Considering model averaging estimation in the VCPLM with missing responses, we propose a HR$C_p$ weight choice criterion and its feasible form. Our model averaging process can jointly incorporate two layers of model uncertainty: the first concerns which covariates to include and the second further concerns whether a covariate should be in the linear or nonparametric component. The resultant model averaging estimator is shown to be asymptotically optimal in the sense of achieving the lowest possible squared error loss under certain regularity conditions. The simulation results demonstrated that, in several designs with different types of model uncertainty, our model averaging method always performed much better in comparison with existing methods. The real data analysis also reveals the superiority of the proposed strategy.
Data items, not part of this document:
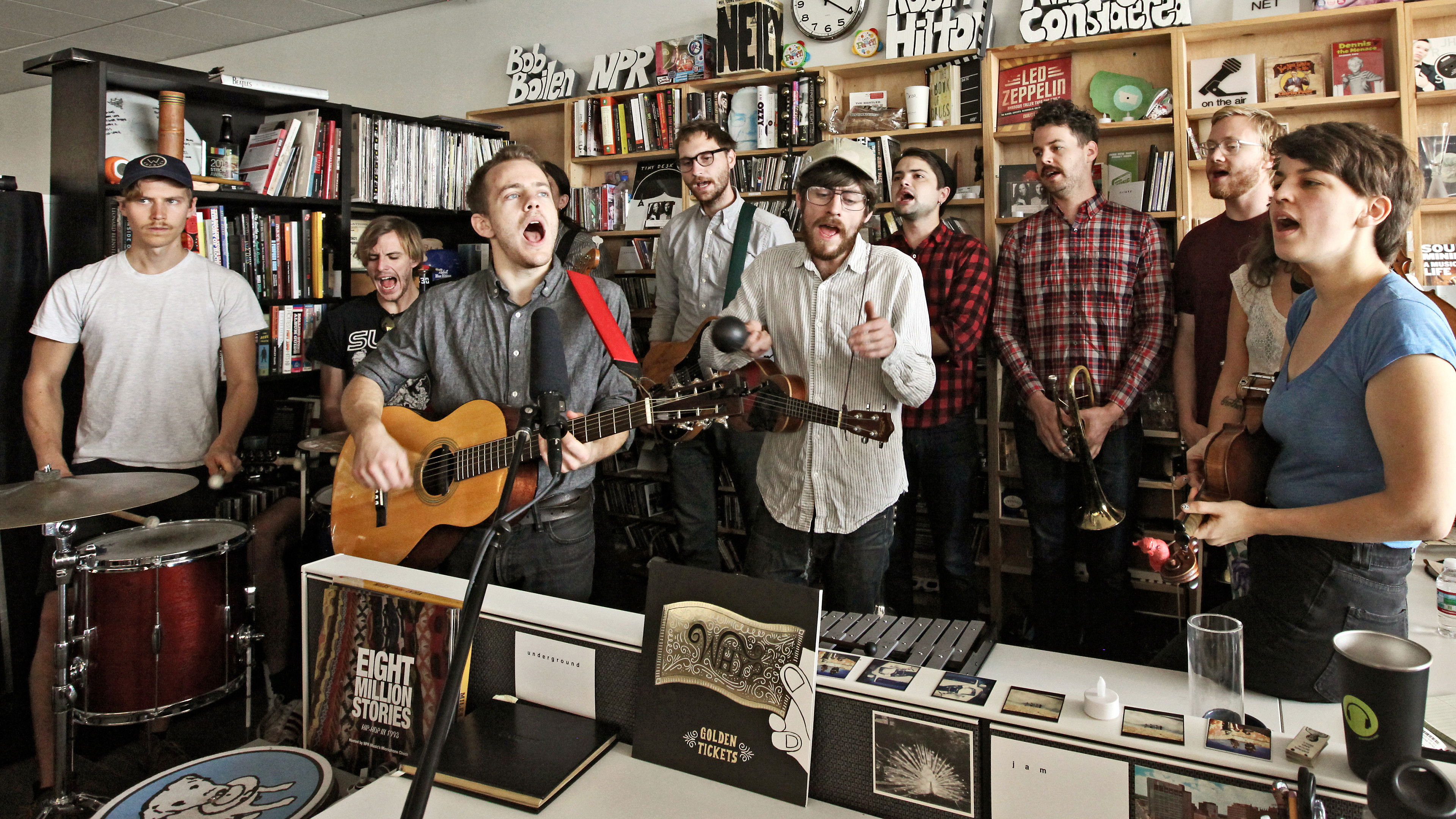 The dozen members of this Portland, Ore. band crammed behind the Tiny Desk for a transcendent set.
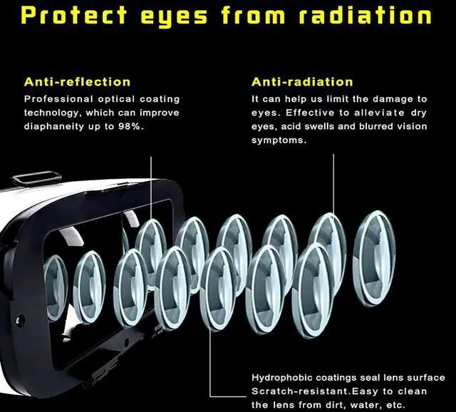 EYE PROTECTION HD LENSES: The VR Glasses headset features anti-reflective and anti-blue light coated lenses to prevent eye strain when using the headset. In addition, aspherical and anti-distortion lens surfaces allow for clear, high-definition images.
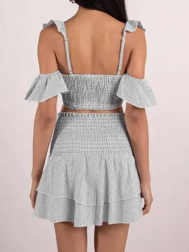 Top and skirt set with black/grey and white stripes Top is large (fits like medium) and skirt is med... Show more

There are still many issues deserving future research. Firstly, we only considered model averaging for the VCPLM in the context of missing response data, so it would be worthwhile considering cases where some covariates are also subject to missingness, or missing data arise in a more general framework, such as the generalized VCPLM which permits a discrete response variable. Secondly, in our analysis the missing data mechanism was MAR. The development of a model averaging procedure in a more natural, but more complex, non-ignorable missing data case and the establishment of its asymptotic property is still challenging and warrants future studies. Thirdly, our procedure is applicable only when the dimension parameters $p_m$ and $q_m$ are less than the sample size n. The consideration of an asymptotically optimal model averaging method for high dimensional VCPLM with missing data is meaningful and, thus, merits future research.